One of the fundamental issues facing any system that grows to a certain size is controllability.
At smaller scales, controllability is usually not a bottleneck and can be managed directly through the operating system nodes. However, as the scale gradually increases, the controllability and complexity will become a key constraint on whether the system can be expanded.
To deal with controllability complexity, there are two basic ideas: decoupled control and spontaneous control.
Decoupled Control
The simplest idea is to separate the control plane from the data plane and management plane of the system. The decoupled control plane can construct a unified interface for operation and reuse control logic.

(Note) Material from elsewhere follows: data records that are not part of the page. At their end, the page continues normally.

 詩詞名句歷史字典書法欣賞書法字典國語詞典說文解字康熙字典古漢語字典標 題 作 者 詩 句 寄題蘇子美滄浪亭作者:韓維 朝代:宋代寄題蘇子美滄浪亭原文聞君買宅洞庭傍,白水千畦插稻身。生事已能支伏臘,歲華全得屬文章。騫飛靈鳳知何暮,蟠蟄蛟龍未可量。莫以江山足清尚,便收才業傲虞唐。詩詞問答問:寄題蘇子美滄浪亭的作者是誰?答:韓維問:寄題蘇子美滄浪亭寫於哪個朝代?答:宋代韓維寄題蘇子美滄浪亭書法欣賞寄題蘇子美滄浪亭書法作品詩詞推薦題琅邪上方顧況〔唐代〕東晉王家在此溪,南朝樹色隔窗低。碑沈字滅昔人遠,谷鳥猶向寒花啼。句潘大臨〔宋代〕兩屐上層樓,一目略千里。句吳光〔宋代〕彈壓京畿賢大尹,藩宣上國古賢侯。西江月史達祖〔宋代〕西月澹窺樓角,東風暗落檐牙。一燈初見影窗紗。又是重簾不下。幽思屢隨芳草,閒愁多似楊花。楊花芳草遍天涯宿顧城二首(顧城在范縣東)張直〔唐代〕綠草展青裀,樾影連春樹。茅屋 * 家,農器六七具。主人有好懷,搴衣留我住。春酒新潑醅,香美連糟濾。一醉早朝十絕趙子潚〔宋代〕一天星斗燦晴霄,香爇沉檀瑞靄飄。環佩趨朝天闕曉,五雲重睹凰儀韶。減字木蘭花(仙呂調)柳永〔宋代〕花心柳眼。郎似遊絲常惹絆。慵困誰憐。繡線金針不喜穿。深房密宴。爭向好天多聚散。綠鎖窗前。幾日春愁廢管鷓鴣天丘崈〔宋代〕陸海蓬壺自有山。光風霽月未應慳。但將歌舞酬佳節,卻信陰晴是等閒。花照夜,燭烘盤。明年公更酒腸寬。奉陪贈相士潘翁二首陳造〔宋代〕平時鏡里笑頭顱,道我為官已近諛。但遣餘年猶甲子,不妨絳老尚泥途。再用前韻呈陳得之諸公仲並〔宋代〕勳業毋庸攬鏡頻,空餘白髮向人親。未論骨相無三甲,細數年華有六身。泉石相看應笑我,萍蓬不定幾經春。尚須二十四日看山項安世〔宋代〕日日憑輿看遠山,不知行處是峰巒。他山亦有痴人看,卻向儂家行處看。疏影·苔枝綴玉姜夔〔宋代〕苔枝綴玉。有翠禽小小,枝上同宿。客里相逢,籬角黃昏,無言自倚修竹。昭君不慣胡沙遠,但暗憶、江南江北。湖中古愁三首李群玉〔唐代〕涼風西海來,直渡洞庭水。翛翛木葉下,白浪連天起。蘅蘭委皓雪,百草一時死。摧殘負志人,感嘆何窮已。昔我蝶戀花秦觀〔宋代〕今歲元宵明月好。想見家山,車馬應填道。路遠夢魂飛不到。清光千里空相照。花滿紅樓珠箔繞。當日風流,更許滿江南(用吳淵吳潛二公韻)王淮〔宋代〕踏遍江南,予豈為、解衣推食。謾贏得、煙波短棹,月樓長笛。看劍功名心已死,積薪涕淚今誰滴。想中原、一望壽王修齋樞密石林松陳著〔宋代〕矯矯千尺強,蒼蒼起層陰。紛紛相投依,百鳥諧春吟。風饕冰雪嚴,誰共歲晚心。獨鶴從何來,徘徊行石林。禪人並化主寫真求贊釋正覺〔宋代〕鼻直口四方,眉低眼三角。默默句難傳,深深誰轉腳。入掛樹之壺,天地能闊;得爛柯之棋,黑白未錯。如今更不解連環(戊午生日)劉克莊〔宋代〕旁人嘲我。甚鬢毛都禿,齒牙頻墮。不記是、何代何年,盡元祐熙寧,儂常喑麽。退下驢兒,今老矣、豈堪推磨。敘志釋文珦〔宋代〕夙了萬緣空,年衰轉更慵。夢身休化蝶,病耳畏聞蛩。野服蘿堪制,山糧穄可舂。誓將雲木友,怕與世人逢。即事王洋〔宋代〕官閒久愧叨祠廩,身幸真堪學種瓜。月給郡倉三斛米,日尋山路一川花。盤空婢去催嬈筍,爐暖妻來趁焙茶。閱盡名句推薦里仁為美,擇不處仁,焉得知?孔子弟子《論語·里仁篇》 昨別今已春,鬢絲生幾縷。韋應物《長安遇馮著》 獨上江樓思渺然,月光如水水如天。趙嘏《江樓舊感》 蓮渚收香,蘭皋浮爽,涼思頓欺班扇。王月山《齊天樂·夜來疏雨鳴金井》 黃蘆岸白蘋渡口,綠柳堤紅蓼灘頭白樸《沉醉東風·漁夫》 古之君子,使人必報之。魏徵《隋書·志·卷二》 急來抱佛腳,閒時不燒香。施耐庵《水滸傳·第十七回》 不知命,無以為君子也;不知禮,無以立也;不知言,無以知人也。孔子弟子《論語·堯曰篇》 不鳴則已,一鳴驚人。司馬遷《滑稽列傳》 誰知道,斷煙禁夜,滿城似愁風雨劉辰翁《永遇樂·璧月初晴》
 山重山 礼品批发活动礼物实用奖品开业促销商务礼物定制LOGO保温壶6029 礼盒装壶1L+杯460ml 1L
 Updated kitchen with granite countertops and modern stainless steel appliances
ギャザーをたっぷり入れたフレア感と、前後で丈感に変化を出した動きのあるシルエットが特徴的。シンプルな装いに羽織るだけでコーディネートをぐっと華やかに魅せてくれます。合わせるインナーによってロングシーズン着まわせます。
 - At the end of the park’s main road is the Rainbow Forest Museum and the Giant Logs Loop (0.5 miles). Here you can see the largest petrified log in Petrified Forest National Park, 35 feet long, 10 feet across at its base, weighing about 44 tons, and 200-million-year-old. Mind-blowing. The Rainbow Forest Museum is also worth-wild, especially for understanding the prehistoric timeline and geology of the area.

Taking herd of sheep as an example, it would be very difficult to directly control the progress of each sheep, but it would be much simpler to tie a rope to each sheep (decoupled from the control plane) and walk directly on the rope.
This idea was applied to the Internet system, and the Software Defined Network was born; when it was applied to the cloud-native software system, the Service Mesh was born. The same applies to economic and financial systems.
It should be emphasized that controllability is the ability to manage the system in an orderly manner. Therefore, the management of the control plane can be centralized or distributed.
Spontaneous control
Spontaneous control is the opposite of decoupling control: instead of stripping control, it devolves control, so that components in the system have more self-control capabilities.
Take herd of sheep as an example. If through training, each sheep will automatically follow the lead sheep, then you only need to lead the lead sheep to guide the whole flock.
The idea of spontaneous control was applied to the communication system, and the Internet and Web 2.0 were born; when it was applied to encrypted electronic currency, the Bitcoin was born; when it was applied to the economic system, several Nobel Prizes were born.
This idea is likely to be the basis for large-scale intelligent systems (robot clusters) in the future.
The Future of Control Science
The study of cybernetics of small-scale systems has been very mature in the last century. Many modern systems are large-scale systems, and the research on their control modes is imminent.